Runbook: Captcha provider down — break-glass

Symptom

Sign-up and sign-in 4xx rate spikes; players can't authenticate. Visible as one or more of:

  • POST /auth/sign-up, POST /auth/sign-in, POST /auth/forgot-password returning AUTH_INVALID_CAPTCHA at high rate.
  • Loki: {service_name="ebit-api"} |= "Recaptcha unexpected error" or |= "AUTH_INVALID_CAPTCHA".
  • Browser DevTools → Network: requests to https://www.google.com/recaptcha/api/siteverify failing or timing out (server-side, not visible to the user but logged).
  • Status page for Google reCAPTCHA shows incident: https://status.cloud.google.com/ (search "reCAPTCHA").

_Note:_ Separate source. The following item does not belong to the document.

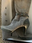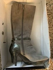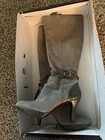Good condition Step into elegance and style with the Bandolino BDCala Dressy Heel Boots. Perfect for any occasion, these knee-high boots feature a sleek gray suede upper material and a chic almond toe shape. The synthetic lining and regular calf width provide a comfortable fit, while the side zip closure adds a touch of convenience. With a high heel height of 3-3.9 inches, these riding boots give you a touch of sophistication and class. The Bandolino BDCala model is perfect for women who want to make a statement with their footwear. Get ready to turn heads with these stylish boots that are sure to become your new favorite.

Important — provider is Google reCAPTCHA, not GeeTest. The implementation at apps/api/src/captcha/google/recaptcha.service.ts:50-54 calls https://www.google.com/recaptcha/api/siteverify directly with no provider abstraction. The handover-kit prompt mentioning GeeTest was a hint that didn't match the live code — do not page GeeTest support.

Likely causes

  1. Google reCAPTCHA outage — provider-side incident; we have zero levers to pull on the upstream.
  2. Network egress blocked — ebit-api can't reach www.google.com; firewall change or DNS issue.
  3. Misconfigured RECAPTCHA_SECRET — secret rotated upstream but Doppler not updated; every verification returns success: false.
  4. Backend regressionRecaptchaService exception not handled at the call site; new endpoint missing the bypass for legitimate retries.
  5. Token replay rate-limit — the @IdempotencyLock at recaptcha.service.ts:46 rejects the same token twice within 5s; legitimate retries can hit this on a slow client.

Detection

  • Grafana — service-overview: ebit-api 4xx rate panel; filter by route /auth/sign-up and /auth/sign-in.
  • Loki: {service_name="ebit-api"} |= "AUTH_INVALID_CAPTCHA" rate; baseline ~0–1/min, alert at >10/min.
  • External: https://status.cloud.google.com/ for the upstream provider; correlate timeline.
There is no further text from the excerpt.